Young Rabbi Tries to Renew New Orleans’ Orthodox

c. 2007 Religion News Service NEW ORLEANS _ To the list of those young newcomers attracted to post-Katrina New Orleans precisely because of its challenges, add the names Uri and Dahlia Topolosky. Topolosky, 29, is the new rabbi of Congregation Beth Israel, freshly arrived from the Bronx with his 30-year-old wife, Dahlia, and two young […]

c. 2007 Religion News Service

NEW ORLEANS _ To the list of those young newcomers attracted to post-Katrina New Orleans precisely because of its challenges, add the names Uri and Dahlia Topolosky.

Topolosky, 29, is the new rabbi of Congregation Beth Israel, freshly arrived from the Bronx with his 30-year-old wife, Dahlia, and two young sons. His task: to revitalize the wounded Orthodox congregation whose Canal Boulevard synagogue flooded in the 2005 disaster.

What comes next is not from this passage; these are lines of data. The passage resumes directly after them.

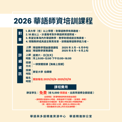 2026 華語師資培訓課程開放報名!靜宜學生免費參加!(名額有限)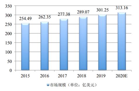 2019 年全球纸手袋市场规模为 301.25 亿美元,近来 5 年间全球纸袋即纸质软包装占比在 12%左右,市场保持高速增长的状态,由此预计至 2020 年将达到 313.16 亿美元。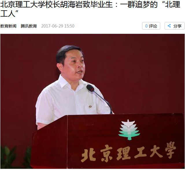 【腾讯教育】金年会jinnianhuicom校长胡海岩致毕业生:一群追梦的“北理工人”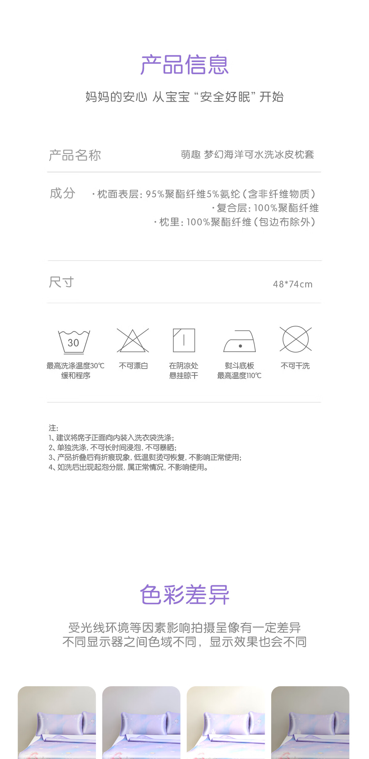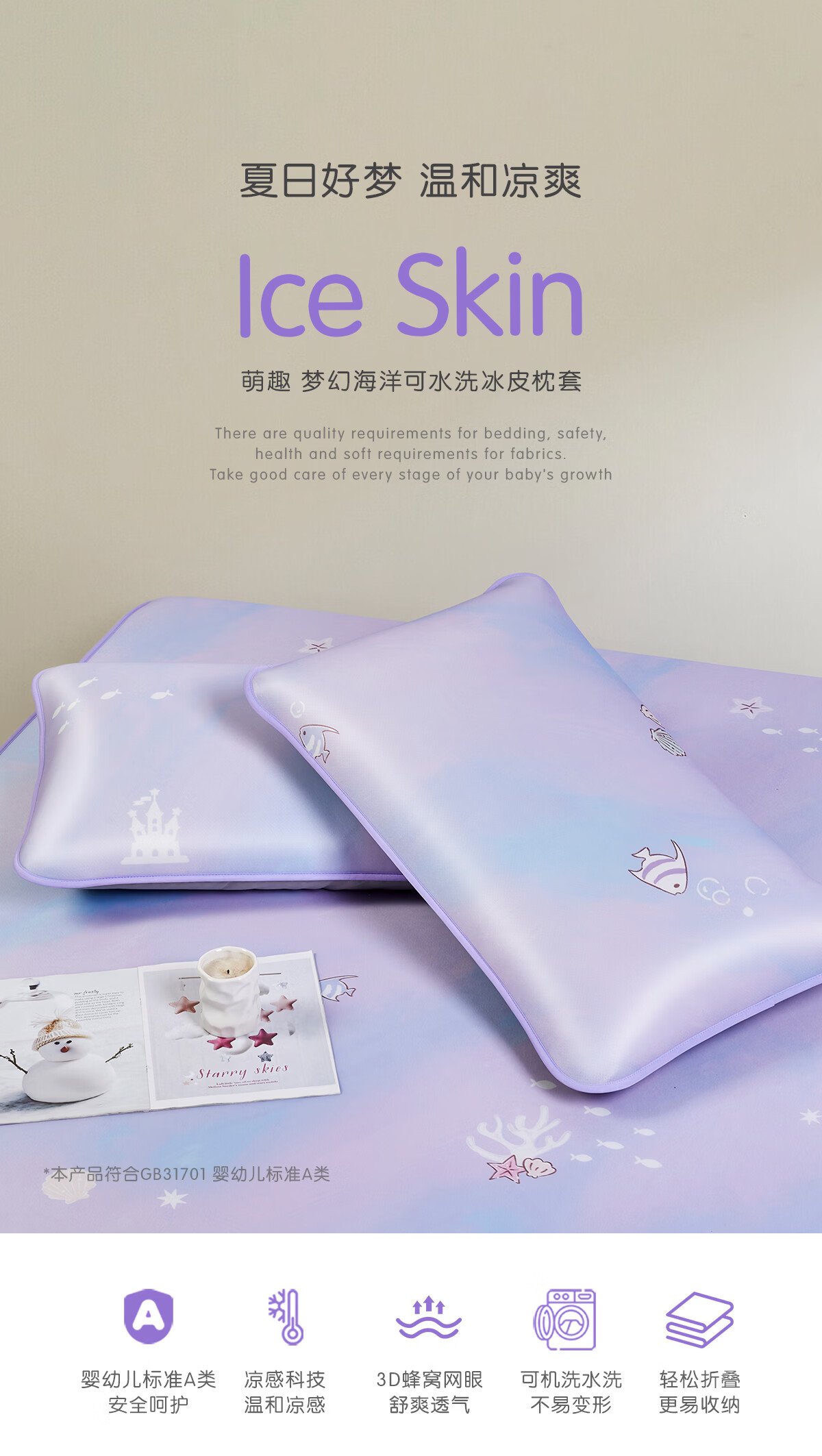 罗莱家纺婴幼儿A类抗菌防螨可水洗冰丝枕套夏季儿童单只装 星空绽放-粉色 单只 48cm*74cm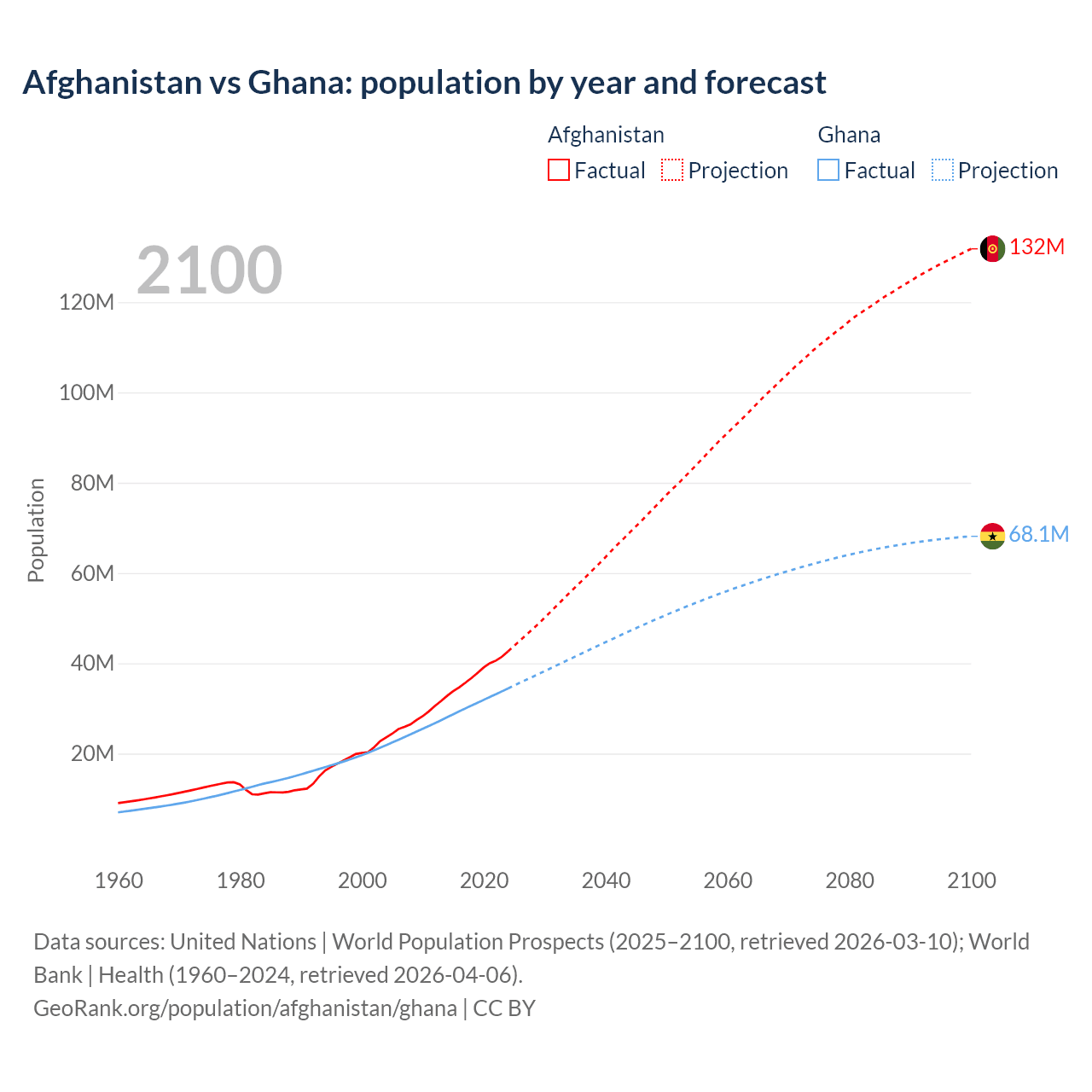 Afghanistan vs Ghana: population by year and forecast

Last month, he celebrated the solemn High Holy Days _ his first in New Orleans, and Beth Israel’s first with its own rabbi since Hurricane Katrina.

Members of Beth Israel met, as usual, in the rented chapel at Congregation Gates of Prayer, a Reform congregation in Metairie where physical repairs are complete, while the fewer, grayer Beth Israel members are still early on the long journey to full recovery.

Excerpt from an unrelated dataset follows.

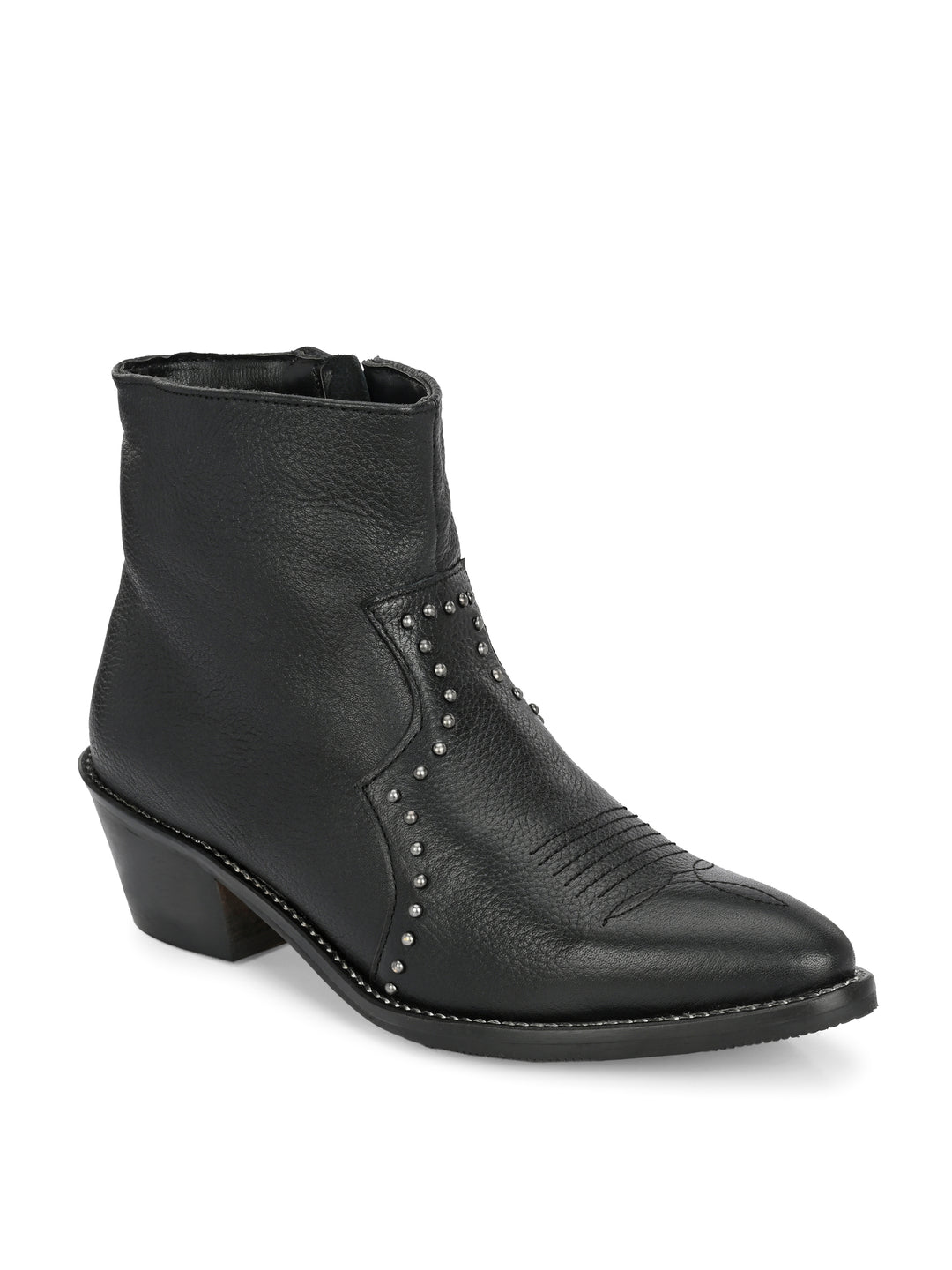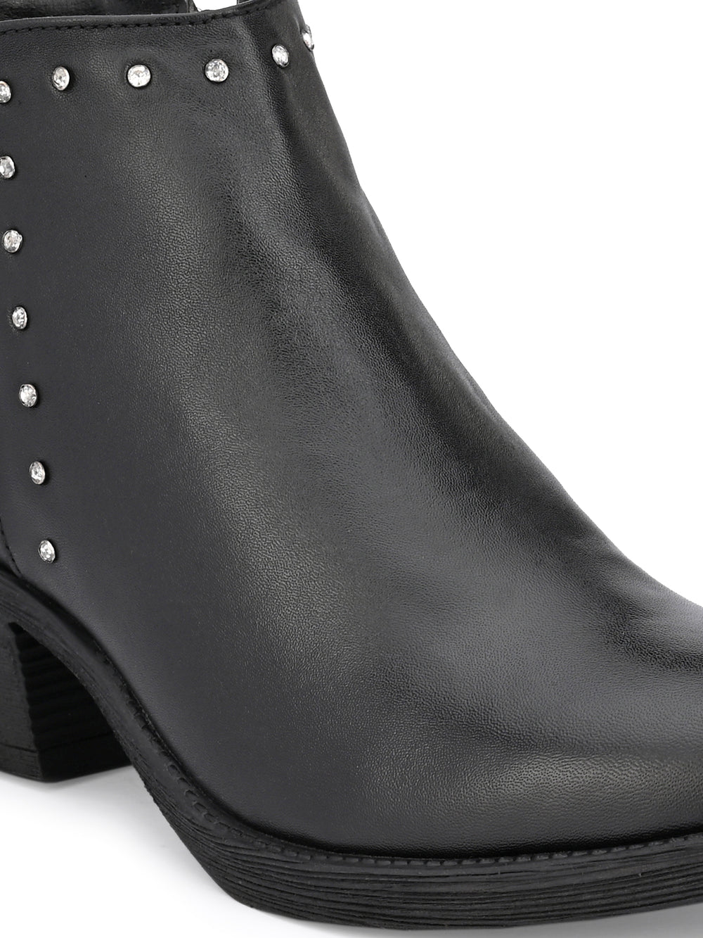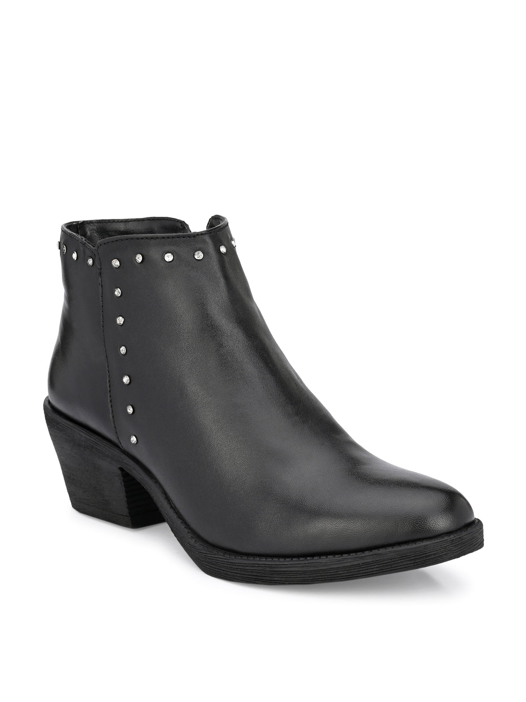 GENUINE LEATHER DAIMOND SOLID PRINT ANKLE BOOT

Although it is the region’s prominent Orthodox congregation, Beth Israel even before Hurricane Katrina was one of the city’s smallest. It has long faced the twin problems of older congregants and dwindling numbers of young couples among its 200 or so families.

Katrina permanently dispersed more than a third of those, said congregation president Jackie Gothard, making a chronic problem acute.

A “For Sale” sign seeks a future for what once was the congregation’s home in New Orleans’ Lakeview neighborhood. With many of its older members permanently gone from New Orleans, the congregation knows it must rescue itself, and now.

That was the message that lay just below the surface of the advertisement for the New Orleans job opening Topolosky saw in February in the Bronx, where he was one of five Jewish clergy serving a thriving synagogue of 800 families.

The Topoloskys, whose sons are 1 and 3 years old, were looking for a mission, someplace where they could have an impact, he said.


New Orleans seemed to be the place.

“This is an old shul that wants to be revived,” said Topolosky, using the Yiddish word for synagogue. “That’s rare. Usually an old shul wants to stay the same.”

Topolosky’s manner is quick, outgoing. His greeting on the phone is, “Hey, man, how ya doin’?” He plays guitar with his wife, a school psychologist, who soon will release a CD of Jewish children’s songs.

The Topoloskys arrived in July, settling in a house within walking distance of Gates of Prayer, a necessity because Orthodox Jews observe the prohibition against driving on the Sabbath.

“Within a month he knew most of the people in the congregation by name,” Gothard said. “He reached out to them, encouraged them to come to synagogue. He’s light-hearted. He makes services enjoyable.”

Topolosky grew up in Massachusetts and Maryland. He earned an undergraduate degree from the University of Maryland, spent two or three years in Israel, and spent four years of religious study in New York at YCT Rabbinical School.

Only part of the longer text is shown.